If I run this simply command
select * from read_parquet('https://huggingface.co/datasets/aborruso/openncup-focus-pnrr/blob/refs%2Fconvert%2Fparquet/aborruso--openncup-focus-pnrr/train/index.duckdb') limit 2;
I have this error:
Error: IO Error: HTTP GET error: Content-Length from server mismatches requested range, server may not support range requests.
What’s the right URL to access to it, using duckdb cli and https extension?
Thank you
Hi! This doc page explains how to access the Parquet export of a dataset.

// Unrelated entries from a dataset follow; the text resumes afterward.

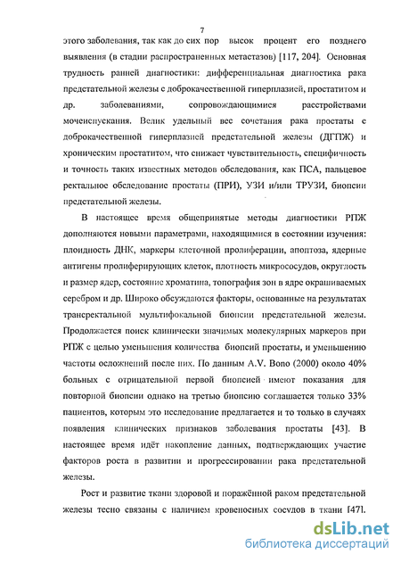В настоящее время общепринятые методы диагностики РПЖ дополняются новыми параметрами, находящимися в состоянии изучения: плоидность ДНК, маркеры клеточной пролиферации, апоптоза, ядерные антигены пролиферирующих клеток, плотность микрососудов, округлость и размер ядер, состояние хроматина, топография зон в ядре окрашиваемых серебром и др. Широко обсуждаются факторы, основанные на результатах трансректалыюй мультифокальной биопсии предстательной железы. Продолжается поиск клинически значимых молекулярных маркеров при РПЖ с целью уменьшения количества биопсий простаты, и уменьшению частоты осложнений после них. По данным A.V. Bono (2000) около 40% больных с отрицательной первой биопсией имеют показания для повторной биопсии однако на третью биопсию соглашается только 33% пациентов, которым это исследование предлагается и то только в случаях появления клинических признаков заболевания простаты [43]. В настоящее время идёт накопление данных, подтверждающих участие факторов роста в развитии и прогрессировании рака предстательной железы.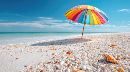 A vibrant beach umbrella stands on a sandy shore adorned with seashells, under a clear blue sky, capturing the essence of a summer getaway.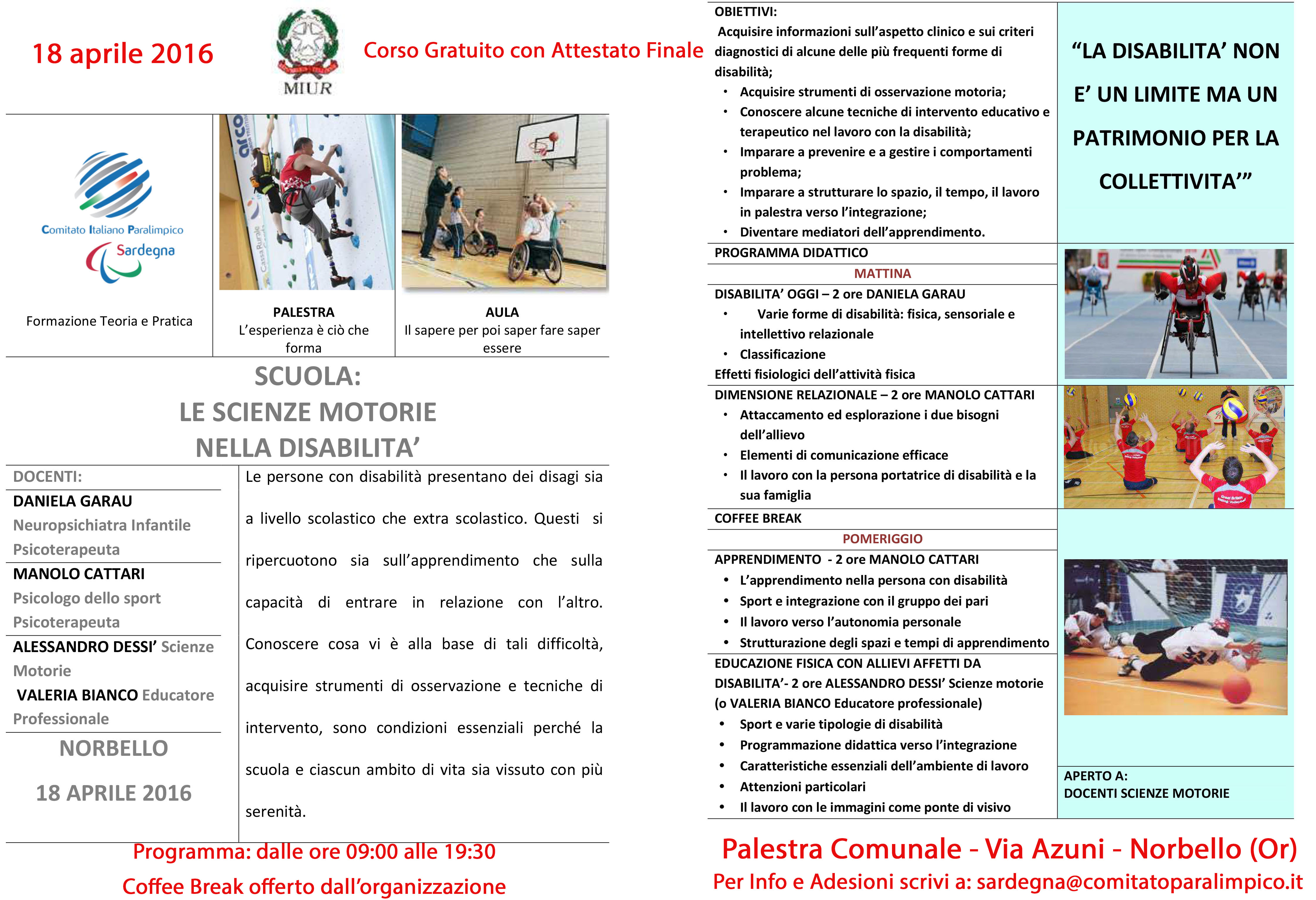 Il prossimo 18 Aprile, la palestra Comunale di Norbello ospiterà per tutta la giornata un interessante corso di studi dal titolo: “Scuole, le scienze motorie nella disabilità”. Il Prof. Marco Pinna responsabile regionale del settore scuola del Comitato Paralampico e coordinatore provinciale di Sassari dell’Ufficio Scolastico Regionale, spiega a GuilcerSport il perché dell’importanza di questa iniziativa a carattere regionale. “Abbiamo pensato fosse utile organizzare questo corso che ha come principali  destinatari i dirigenti scolastici delle scuole primarie e gli insegnanti di Scienze motorie. I relatori, spiega Pinna, affronteranno le principali tematiche con le quali si convive ogni giorno nel mondo della scuola quando tra gli studenti sono presenti ragazzi con disabilità.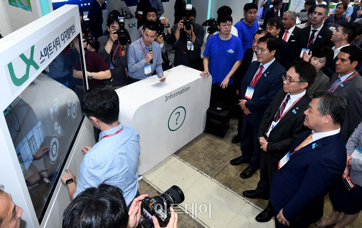 7일 서울 강남구 영동대로 코엑스에서 열린 ‘2019 스마트국토엑스포’에서 박선호 국토교통부 차관 등 내빈들이 LX의 스마트시티 디지털허브를 살펴보고 있다. ‘공간정보의 융합, 스마트한 미래를 열다’를 주제로 국토교통부가 주최한 이번 스마트국토엑스포는 차세대 혁신 산업기술과 미래 비전 공유의 장으로 23개국 정부·기관 및 85개 기업이 참여해 측량, 지적, 위성 등 공간정보 분야의 기반이 되는 기술부터 디지털트윈, IoT, AI 등 공간정보가 접목된 융·복합 기술 등을 소개했다.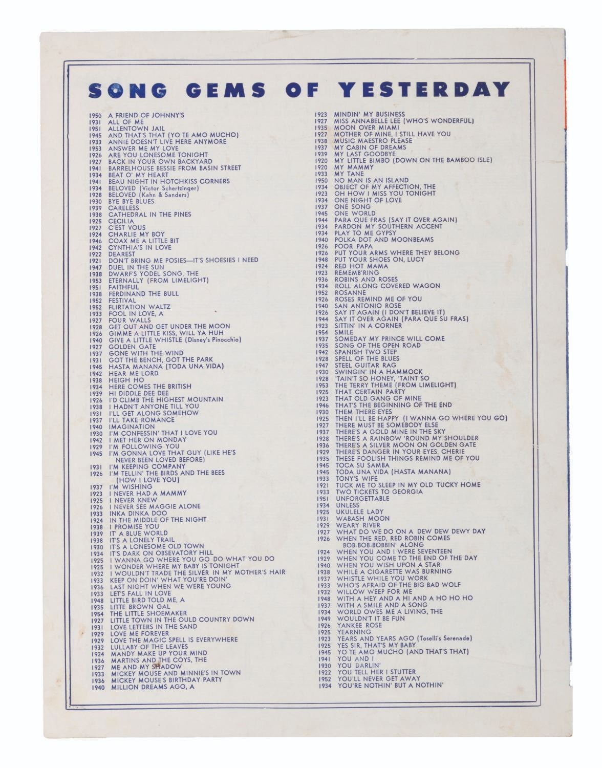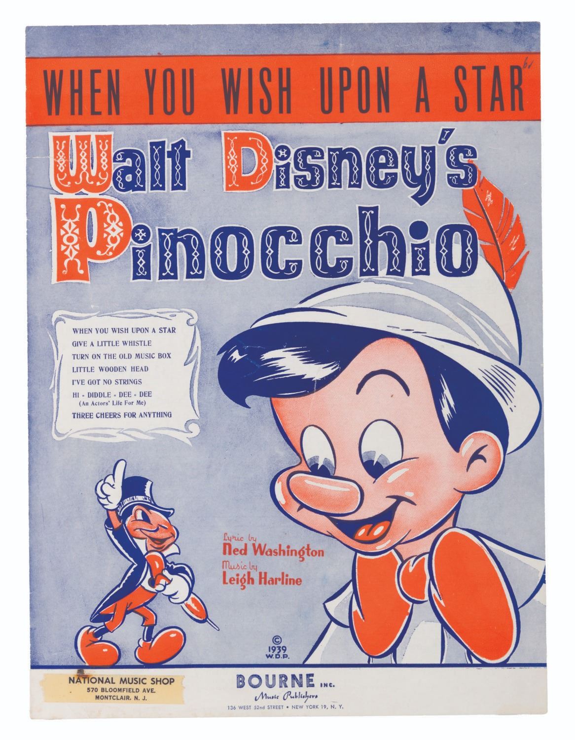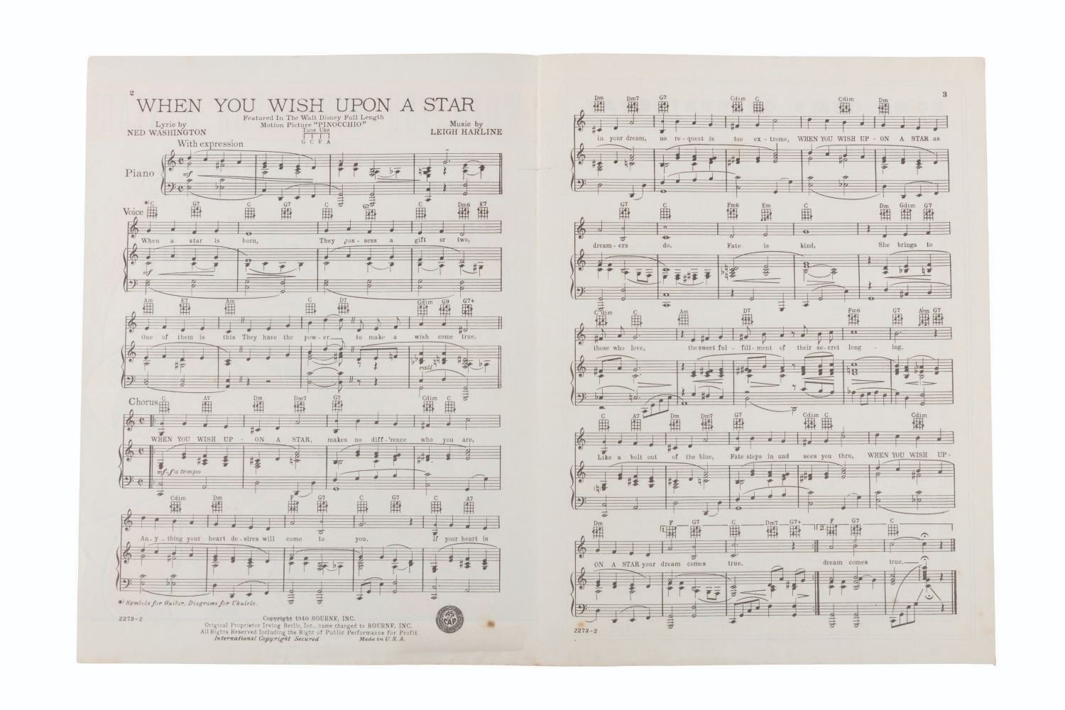 (Irving Berlin, 1940) Sheet music featuring "When You Wih Upon A Star" from Walt Disney's "Pinocchio." Measuring 9" x 12", the sheet music displays in very good condition with a 0.75" tear in the spine, and light spotting inside.

The dataset in question has a single Parquet file (for the train
split): https://huggingface.co/api/datasets/aborruso/openncup-focus-pnrr/parquet/aborruso--openncup-focus-pnrr/train/0.parquet
(a quick test in DuckDB CLI on my local machine works as expected)
2 Likes
Thank you very much. I annotate here the steps I prefer to do it:
open the dataset page and click on API;
copy the “List the Parquet files for this dataset” curl command
run it and you have the URL(s) of your parquet dataset file(s)
1 Like
severo
August 18, 2023, 2:09pm
4
To be complete, a third way to have them is to edit the dataset url:
https://huggingface.co/datasets/aborruso/openncup-focus-pnrr
by adding /api
at the start, and /parquet
at the end
https://huggingface.co/api/datasets/aborruso/openncup-focus-pnrr/parquet
1 Like
Really useful, thank you very much @severo
1 Like